Your Webcam Can Be a Hacker’s Weapon: New ‘BadCam’ Attack Hijacks Lenovo Devices
Researchers at Eclypsium have uncovered critical vulnerabilities in the Lenovo 510 FHD and Lenovo Performance FHD webcams that allow them to be transformed into BadUSB-style attack devices. The issue, dubbed BadCam, was presented at DEF CON 33 and is believed to be the first documented case in which a Linux-based device, already connected to a computer, can be remotely reprogrammed and repurposed as a malicious USB peripheral.
BadUSB attacks have been known since 2014, when Karsten Nohl and Jakob Lell demonstrated that USB device firmware could be reflashed to surreptitiously execute commands and run malicious code. Unlike conventional malware residing in the file system, such attacks operate at the firmware level, rendering them virtually invisible to antivirus software.

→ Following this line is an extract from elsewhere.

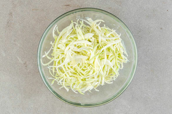 Die Limette halbieren und auspressen. Den Weißkohl mit 2EL Mayonnaise, der ½ des Limettensaftes, je 1 kräftigen Prise Salz und Pfeffer und 1 Prise Zucker vermengen. Beiseitestellen.

Compromised devices can emulate keyboards, intercept input, install backdoors, reroute network traffic, and exfiltrate data.
According to the scenario described by the researchers, an attacker could send a victim a compromised webcam or physically connect one to a target machine, then remotely seize control. Once compromised, the device can function as an HID emulator or an additional USB device—issuing commands, delivering payloads, and establishing persistence—while still operating as a fully functional camera. More alarmingly, a camera reprogrammed in this way could reinfect a computer even after the operating system has been reinstalled.
The root cause lies in the absence of firmware authenticity checks and the presence of USB Gadget support in Linux, which together allow complete compromise of the device’s software stack. Following the disclosure in April 2025, Lenovo released firmware update version 4.8.0 and, in collaboration with SigmaStar, provided a tool to remediate the flaw.
Experts warn that this attack highlights a serious gap in the trust model: both corporate and consumer systems often automatically trust peripherals capable of executing code and accepting remote instructions. Vulnerable devices may pose a threat not only to the system they are currently connected to, but to any other machine they are subsequently plugged into.